----- Provided material -----

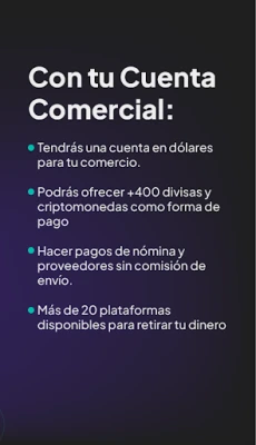 Cuenta comercial disponible para negocios.
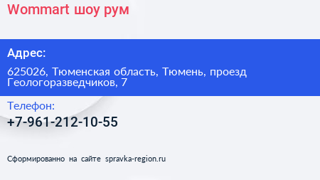 Wommart, шоу-рум по адресу 625026, Тюменская область, Тюмень, проезд Геологоразведчиков, 7 в дальнейшем Организация, размещена в следующих категориях:
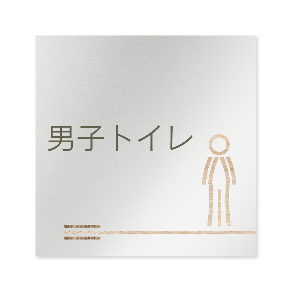 デザイナールームプレート 会社向け 木目横帯 男子トイレ1 アルミ板 W150×H150 (AL-1515-OB-IM1-0103)

-----

#### How to complete this task:
Repeat the data above exactly, images excluded.

#### Finished exercise:
 Cuenta comercial disponible para negocios.
 Wommart, шоу-рум по адресу 625026, Тюменская область, Тюмень, проезд Геологоразведчиков, 7 в дальнейшем Организация, размещена в следующих категориях:
 デザイナールームプレート 会社向け 木目横帯 男子トイレ1 アルミ板 W150×H150 (AL-1515-OB-IM1-0103)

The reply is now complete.